I got into a temple (finally) after finding a particular item on an NPC, only to find that the only tiles that weren’t covered in solid rock were the upslope tiles. I got the bright idea of blowing them up with some C4, so I got some from the back of my car, went down, set it, went up, waited a safe distance away for a while, and went back down, only to meet my immediate demise as the C4 popped back into existence, realized that its two turn timer was up (despite twenty or thirty turns having already passed in the aboveground world), and blew me to tiny bits of ex-survivor. (Fortunately, suspecting that this might happen, I had backed up my save before trying this, so the only harm I got was the trauma of having to immolate my own corpse, which it turns out burned very nicely thanks to the couple of molotovs I had been carrying at the time of my death.)
The same thing happens with fires.

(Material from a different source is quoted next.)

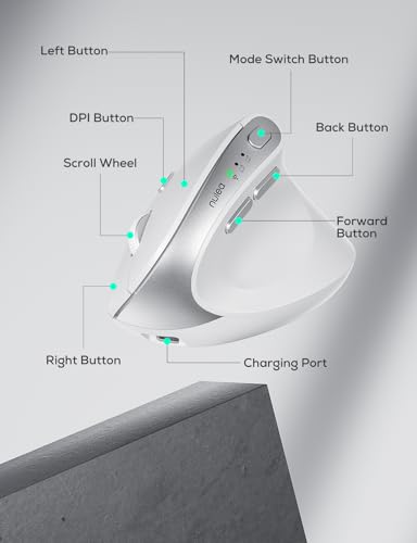 Nulea MD280 | Ergonomic Vertical Wireless Mouse Bluetooth 2.4G Dual Mode | 4 Adjustable DPI 800-1200-1600-2400 Rechargeable Silent Clicks, White

Light a scrap of paper on fire and drive away, spend months in another cell, and come back, and that scrap of paper will be merrily blazing away where you left it.
This also has the side effect of making forest fires actually not dangerous at all: as long as you can move faster than the fire spreads, it’ll never spread from the place you started it to a place you’d rather not see burned to the ground, even if there’s a contiguous forest between point A and point B.
I’m not saying that the game should track the timers and spread-to-adjacent-tile rates of all out-of-bubble elements, which sounds more or less impossible. But as something to consider for future releases, maybe some intermediate solution could be reached?